Kürüm Esra, Kwan Brian, Qian Qi, Banerjee Sudipto, Rhee Connie M, Nguyen Danh V, Şentürk Damla
Department of Statistics, University of California, Riverside, CA USA.
Department of Health Science, California State University, Long Beach, USA.
Stat Biosci. 2025;17(2):528-554. doi: 10.1007/s12561-024-09429-6. Epub 2024 May 9.
Nearly 15% (37 million) of adults in the United States (US) have chronic kidney disease (CKD). The longitudinal decline of kidney function is intricately related to the development of cardiovascular disease (CVD) and eventual "terminal" event (kidney failure and mortality) in patients with CKD. Understanding the mechanism and risk factors underlying the three key outcome processes, (1) CKD progression, (2) CVD, and (3) subsequent terminal event in the CKD patient population remains incomplete. Thus, in this work, we develop a novel trivariate joint model to study the risk factors associated with the interdependent outcomes of kidney function (as measured by longitudinal estimated glomerular filtration rate), recurrent cardiovascular events, and the terminal event. Efficient estimation and inference is proposed within a Bayesian framework using Markov Chain Monte Carlo and Bayesian P-splines for hazard functions. The proposed Bayesian framework is directly generalizable beyond trivariate outcome processes to accommodate other potential modeling of complex multi-disease processes.
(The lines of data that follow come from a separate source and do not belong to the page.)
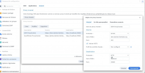 Pour la perte d'accès, c'est probablement un soucis avec le reverse proxy... Montre voir là aussi avec une capture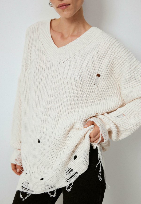V NECK DETAILED – Strickpullover – ecru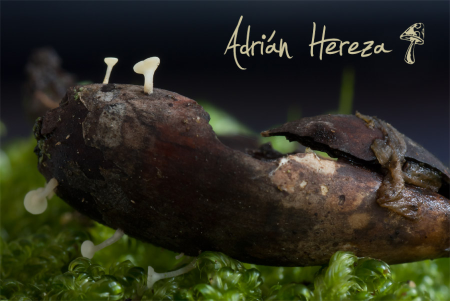 Hola Adrian, excelentes fotos. Se trata de Hymenoscyphus fructigenus, crece sobre frutos de haya, robre y avellano, para más información.....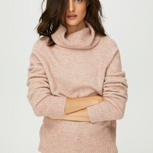 In excellent condition. The Group Babaton from Aritzia Plutarch sweater. This is a funnel-neck sweater with a boxy silhouette and a relaxed, raglan shoulder. This version of the Plutarch is knit with a lightweight Italian-milled yarn that contains alpaca and wool, so it’s incredibly soft, naturally breathable and very warm. Content: 43% nylon, 21% acrylic, 16% alpaca, 10% viscose, 9% wool, 1% elastane. Flat lay measurements: 19" pit to pit, 22" length.

The method is applied to study the aforementioned trivariate processes using data from the Chronic Renal Insufficiency Cohort Study, an ongoing prospective cohort study, established by the National Institute of Diabetes and Digestive and Kidney Diseases to address the rising epidemic of CKD in the US.
The online version contains supplementary material available at 10.1007/s12561-024-09429-6.
在美国,近15%(3700万)的成年人患有慢性肾脏病(CKD)。肾功能的纵向下降与心血管疾病(CVD)的发生以及CKD患者最终的“终末期”事件(肾衰竭和死亡)密切相关。对于CKD患者群体中三个关键结局过程(1)CKD进展、(2)CVD以及(3)随后的终末期事件的潜在机制和风险因素的理解仍不完整。因此,在这项工作中,我们开发了一种新颖的三变量联合模型,以研究与肾功能(通过纵向估计肾小球滤过率衡量)、复发性心血管事件和终末期事件等相互依赖的结局相关的风险因素。在贝叶斯框架内,使用马尔可夫链蒙特卡罗方法和贝叶斯P样条函数对风险函数进行有效估计和推断。所提出的贝叶斯框架可直接推广到三变量结局过程之外,以适应其他复杂多疾病过程的潜在建模。该方法应用于使用慢性肾功能不全队列研究的数据来研究上述三变量过程,该研究是由美国国立糖尿病、消化和肾脏疾病研究所开展的一项正在进行的前瞻性队列研究,旨在应对美国CKD流行率上升的问题。
在线版本包含可在10.1007/s12561-024-09429-6获取 的补充材料。